> WHAT YOU SHOULD DO:
Output the data below only from the line containing "Yves Saint Laurent" up to and including the line containing "A 635 m²-es, parkosított", exact and with the pictures left out.

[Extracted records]
--------------------------------
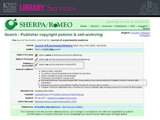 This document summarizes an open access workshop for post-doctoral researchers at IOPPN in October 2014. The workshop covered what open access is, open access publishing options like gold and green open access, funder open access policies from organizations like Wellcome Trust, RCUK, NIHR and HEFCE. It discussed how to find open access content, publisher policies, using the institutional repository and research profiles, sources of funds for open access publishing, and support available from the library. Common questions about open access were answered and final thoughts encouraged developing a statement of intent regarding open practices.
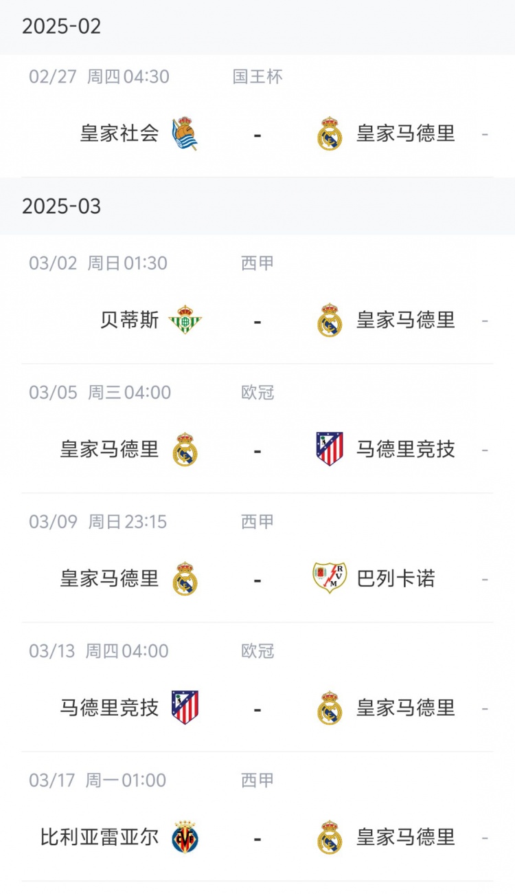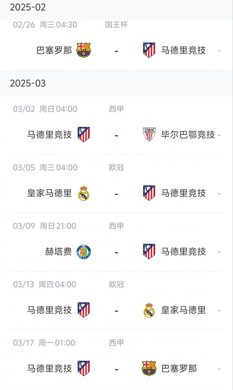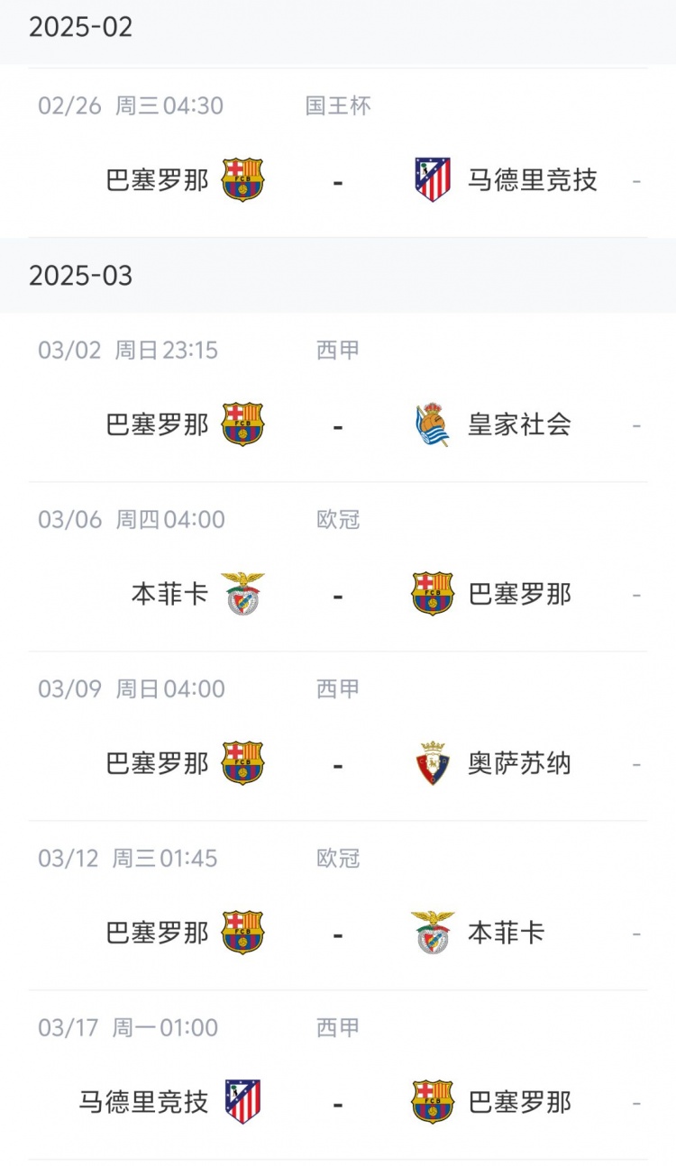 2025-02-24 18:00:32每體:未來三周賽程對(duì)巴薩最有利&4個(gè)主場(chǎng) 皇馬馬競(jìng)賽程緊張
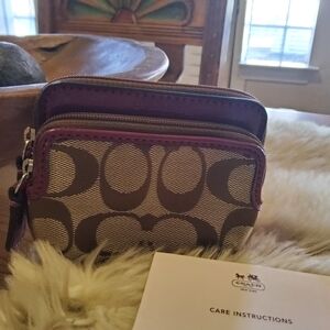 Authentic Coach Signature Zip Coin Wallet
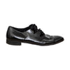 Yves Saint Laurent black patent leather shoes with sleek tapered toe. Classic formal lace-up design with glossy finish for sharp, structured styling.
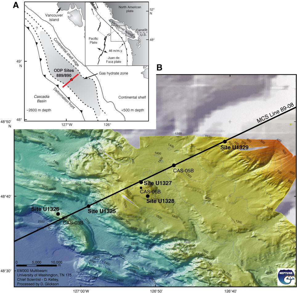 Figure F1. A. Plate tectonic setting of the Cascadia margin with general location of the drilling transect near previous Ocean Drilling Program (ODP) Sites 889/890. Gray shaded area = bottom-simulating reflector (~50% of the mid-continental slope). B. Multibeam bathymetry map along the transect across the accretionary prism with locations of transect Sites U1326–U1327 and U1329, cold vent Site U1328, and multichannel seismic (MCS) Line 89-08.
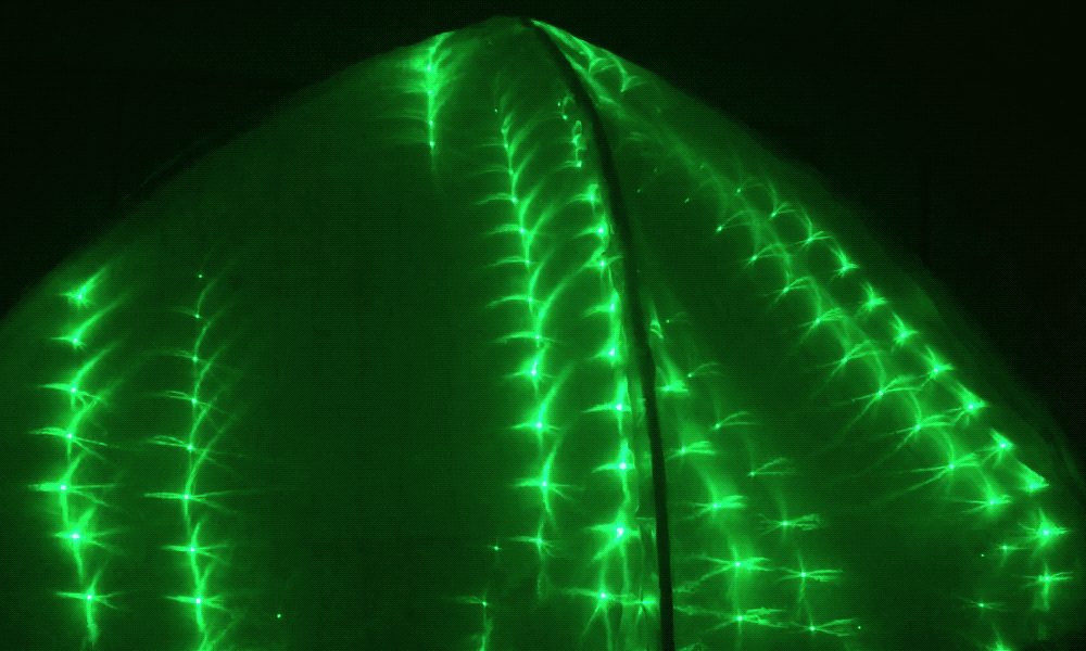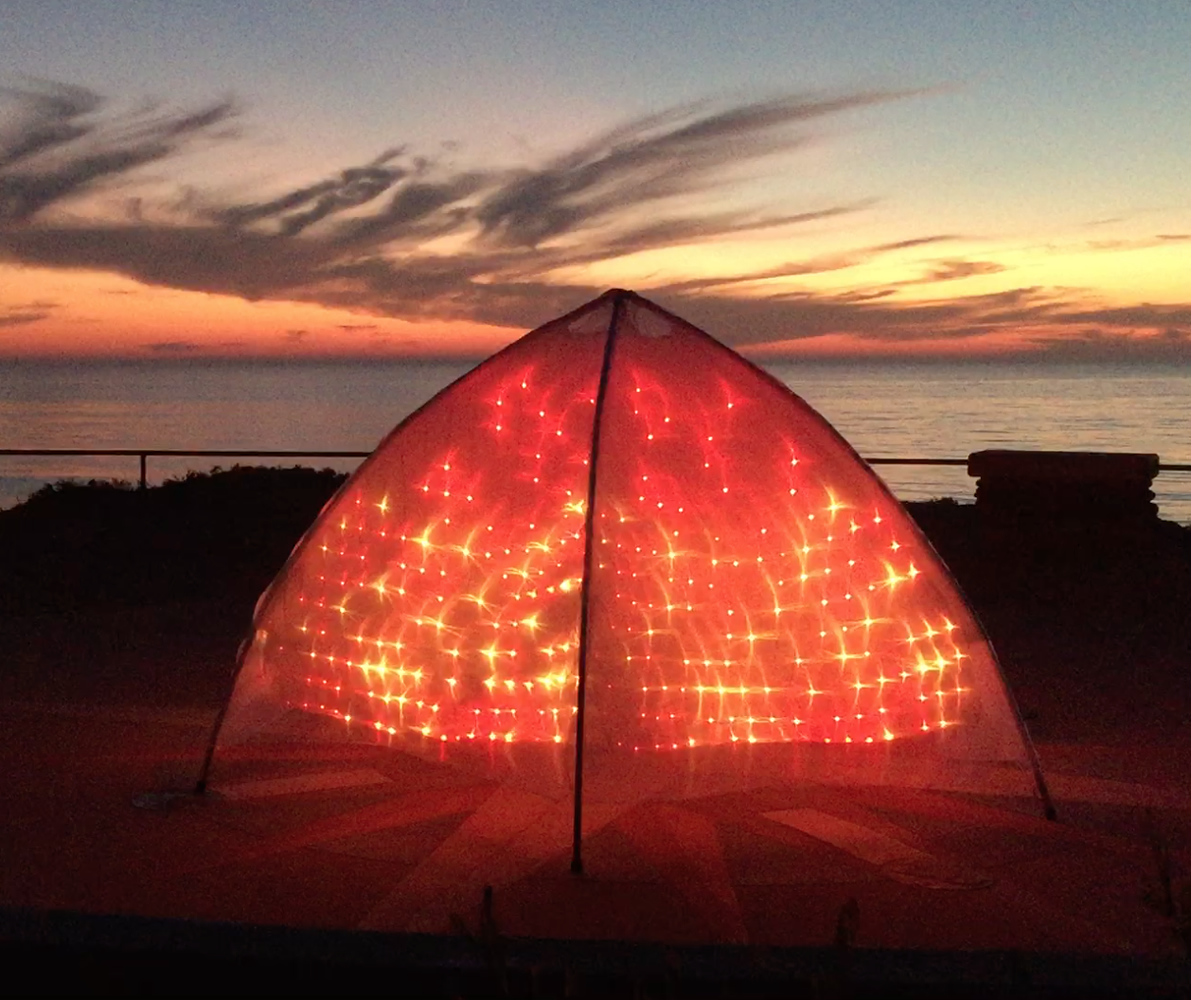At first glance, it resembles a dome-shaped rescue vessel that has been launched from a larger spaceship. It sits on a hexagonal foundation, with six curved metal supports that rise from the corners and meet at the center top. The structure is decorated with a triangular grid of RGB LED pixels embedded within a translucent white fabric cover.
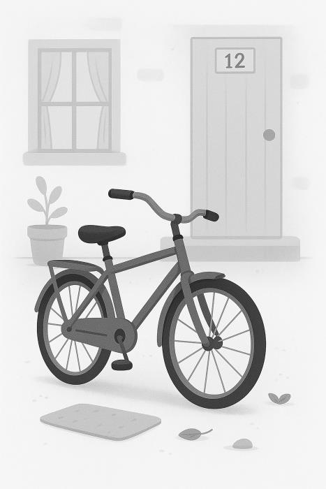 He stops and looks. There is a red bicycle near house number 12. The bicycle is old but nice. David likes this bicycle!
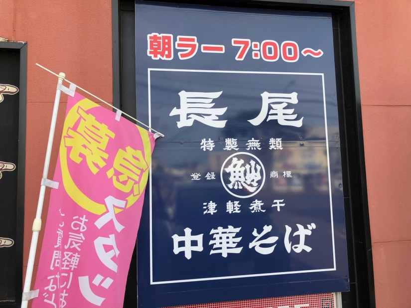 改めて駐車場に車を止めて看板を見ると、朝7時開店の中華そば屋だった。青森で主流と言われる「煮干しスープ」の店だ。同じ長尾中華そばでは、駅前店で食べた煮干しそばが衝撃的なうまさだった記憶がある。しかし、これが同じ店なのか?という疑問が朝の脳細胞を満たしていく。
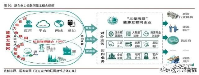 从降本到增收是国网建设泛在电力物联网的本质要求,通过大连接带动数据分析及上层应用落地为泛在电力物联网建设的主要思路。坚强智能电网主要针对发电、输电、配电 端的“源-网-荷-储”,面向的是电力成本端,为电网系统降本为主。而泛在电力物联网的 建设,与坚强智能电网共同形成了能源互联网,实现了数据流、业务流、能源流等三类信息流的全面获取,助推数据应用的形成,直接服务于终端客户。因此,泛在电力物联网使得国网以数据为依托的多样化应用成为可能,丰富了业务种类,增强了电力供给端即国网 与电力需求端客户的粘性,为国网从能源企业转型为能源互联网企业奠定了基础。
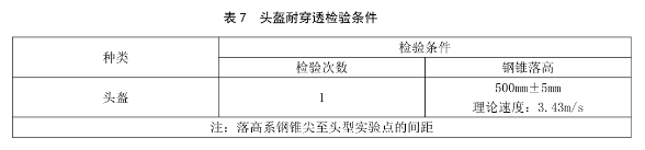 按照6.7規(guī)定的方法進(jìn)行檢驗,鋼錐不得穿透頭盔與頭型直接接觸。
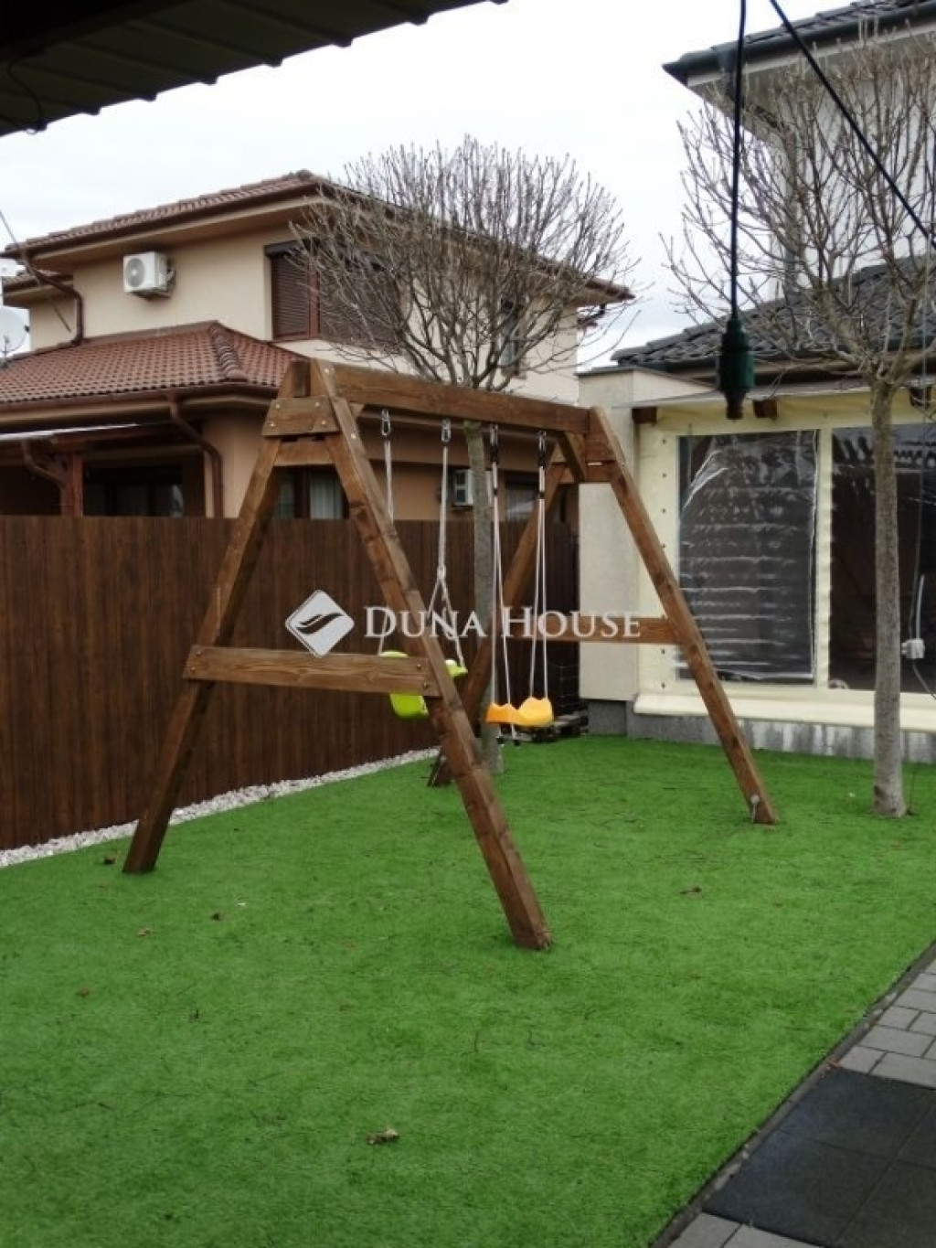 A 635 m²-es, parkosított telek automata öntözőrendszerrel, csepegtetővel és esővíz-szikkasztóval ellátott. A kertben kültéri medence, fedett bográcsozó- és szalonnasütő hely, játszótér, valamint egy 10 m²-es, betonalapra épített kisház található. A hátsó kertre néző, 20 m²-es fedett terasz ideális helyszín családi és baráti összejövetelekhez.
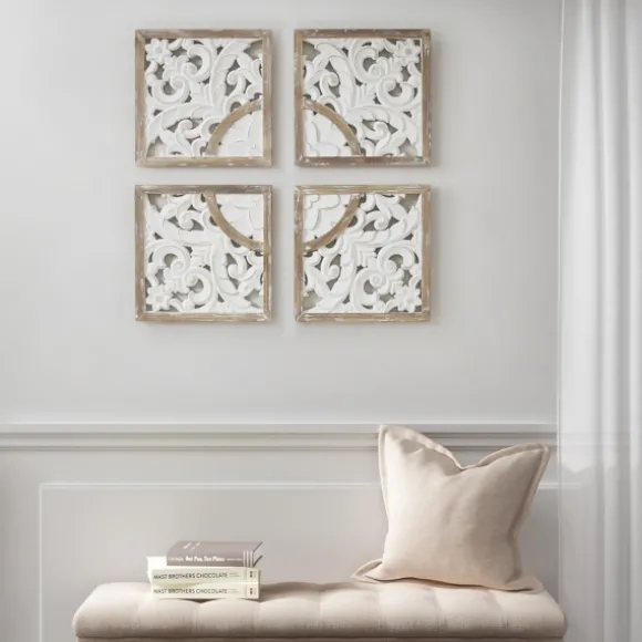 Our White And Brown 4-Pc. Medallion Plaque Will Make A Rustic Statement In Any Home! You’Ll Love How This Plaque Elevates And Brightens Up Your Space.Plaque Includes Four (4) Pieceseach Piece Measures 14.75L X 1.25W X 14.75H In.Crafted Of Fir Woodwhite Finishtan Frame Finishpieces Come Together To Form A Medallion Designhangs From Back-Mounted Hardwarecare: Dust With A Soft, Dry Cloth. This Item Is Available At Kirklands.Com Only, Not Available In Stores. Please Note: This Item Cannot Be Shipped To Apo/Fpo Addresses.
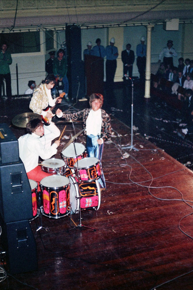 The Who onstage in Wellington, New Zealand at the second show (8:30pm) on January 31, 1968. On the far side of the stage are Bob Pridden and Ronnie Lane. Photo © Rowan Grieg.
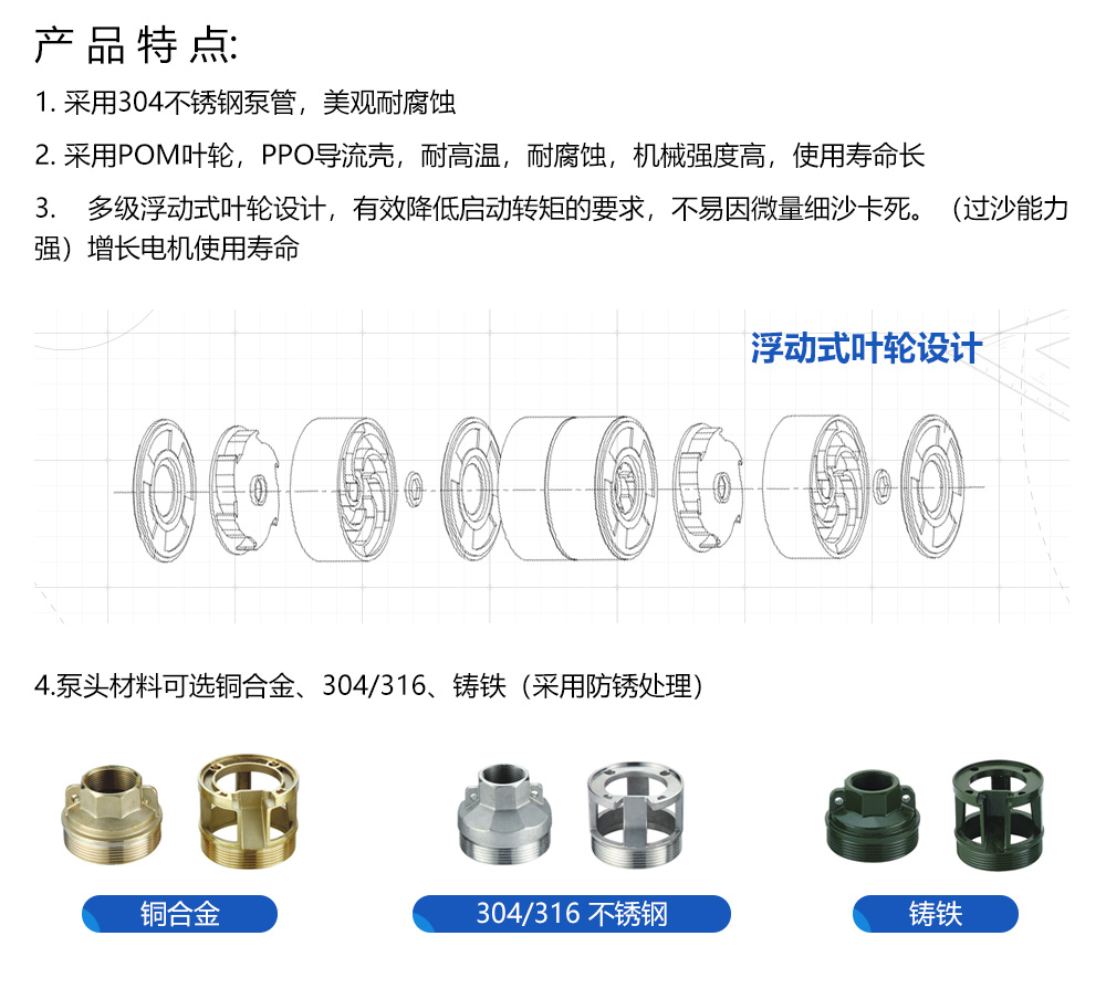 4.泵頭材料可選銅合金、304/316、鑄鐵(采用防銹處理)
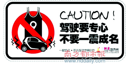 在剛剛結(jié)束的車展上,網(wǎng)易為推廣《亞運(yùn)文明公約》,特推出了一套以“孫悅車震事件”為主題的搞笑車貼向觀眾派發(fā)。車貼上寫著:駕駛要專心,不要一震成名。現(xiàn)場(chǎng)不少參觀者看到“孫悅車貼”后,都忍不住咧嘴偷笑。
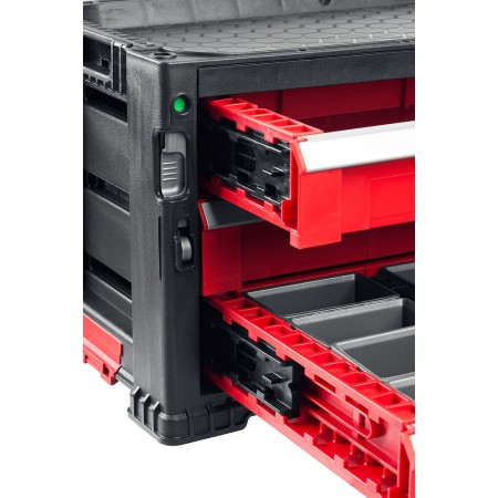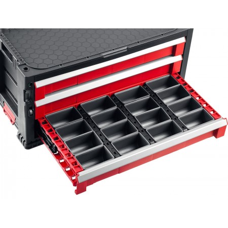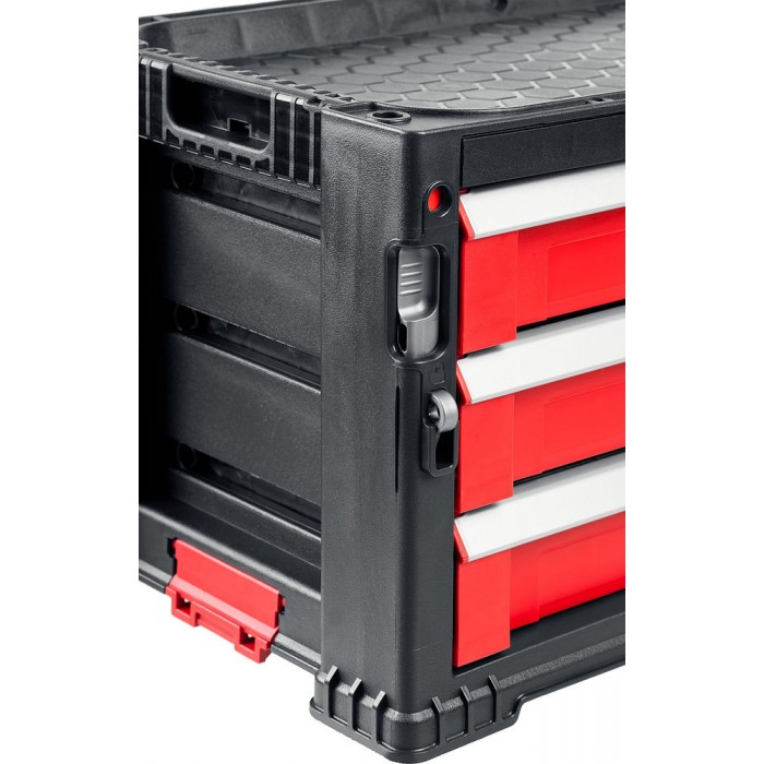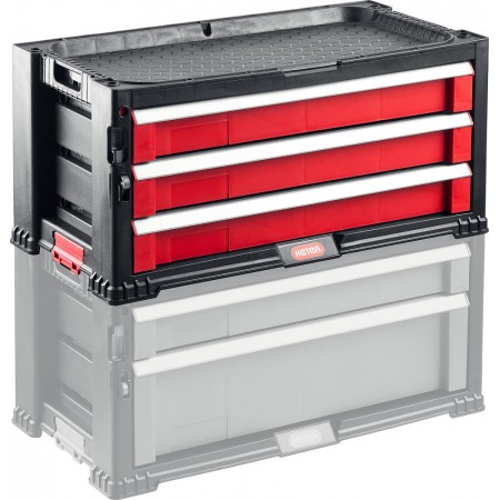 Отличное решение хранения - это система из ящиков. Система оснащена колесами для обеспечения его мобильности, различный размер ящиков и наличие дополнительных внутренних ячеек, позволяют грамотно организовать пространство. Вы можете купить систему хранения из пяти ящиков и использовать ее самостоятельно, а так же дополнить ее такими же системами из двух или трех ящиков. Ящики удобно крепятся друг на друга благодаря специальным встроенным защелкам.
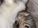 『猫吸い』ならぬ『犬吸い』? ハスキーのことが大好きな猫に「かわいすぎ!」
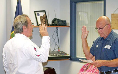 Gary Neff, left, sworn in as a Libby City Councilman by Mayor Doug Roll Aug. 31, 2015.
--------------------------------
> TASK SOLUTION:
 Yves Saint Laurent black patent leather shoes with sleek tapered toe. Classic formal lace-up design with glossy finish for sharp, structured styling.
 Figure F1. A. Plate tectonic setting of the Cascadia margin with general location of the drilling transect near previous Ocean Drilling Program (ODP) Sites 889/890. Gray shaded area = bottom-simulating reflector (~50% of the mid-continental slope). B. Multibeam bathymetry map along the transect across the accretionary prism with locations of transect Sites U1326–U1327 and U1329, cold vent Site U1328, and multichannel seismic (MCS) Line 89-08.
At first glance, it resembles a dome-shaped rescue vessel that has been launched from a larger spaceship. It sits on a hexagonal foundation, with six curved metal supports that rise from the corners and meet at the center top. The structure is decorated with a triangular grid of RGB LED pixels embedded within a translucent white fabric cover.
 He stops and looks. There is a red bicycle near house number 12. The bicycle is old but nice. David likes this bicycle!
 改めて駐車場に車を止めて看板を見ると、朝7時開店の中華そば屋だった。青森で主流と言われる「煮干しスープ」の店だ。同じ長尾中華そばでは、駅前店で食べた煮干しそばが衝撃的なうまさだった記憶がある。しかし、これが同じ店なのか?という疑問が朝の脳細胞を満たしていく。
 从降本到增收是国网建设泛在电力物联网的本质要求,通过大连接带动数据分析及上层应用落地为泛在电力物联网建设的主要思路。坚强智能电网主要针对发电、输电、配电 端的“源-网-荷-储”,面向的是电力成本端,为电网系统降本为主。而泛在电力物联网的 建设,与坚强智能电网共同形成了能源互联网,实现了数据流、业务流、能源流等三类信息流的全面获取,助推数据应用的形成,直接服务于终端客户。因此,泛在电力物联网使得国网以数据为依托的多样化应用成为可能,丰富了业务种类,增强了电力供给端即国网 与电力需求端客户的粘性,为国网从能源企业转型为能源互联网企业奠定了基础。
 按照6.7規(guī)定的方法進(jìn)行檢驗,鋼錐不得穿透頭盔與頭型直接接觸。
 A 635 m²-es, parkosított telek automata öntözőrendszerrel, csepegtetővel és esővíz-szikkasztóval ellátott. A kertben kültéri medence, fedett bográcsozó- és szalonnasütő hely, játszótér, valamint egy 10 m²-es, betonalapra épített kisház található. A hátsó kertre néző, 20 m²-es fedett terasz ideális helyszín családi és baráti összejövetelekhez.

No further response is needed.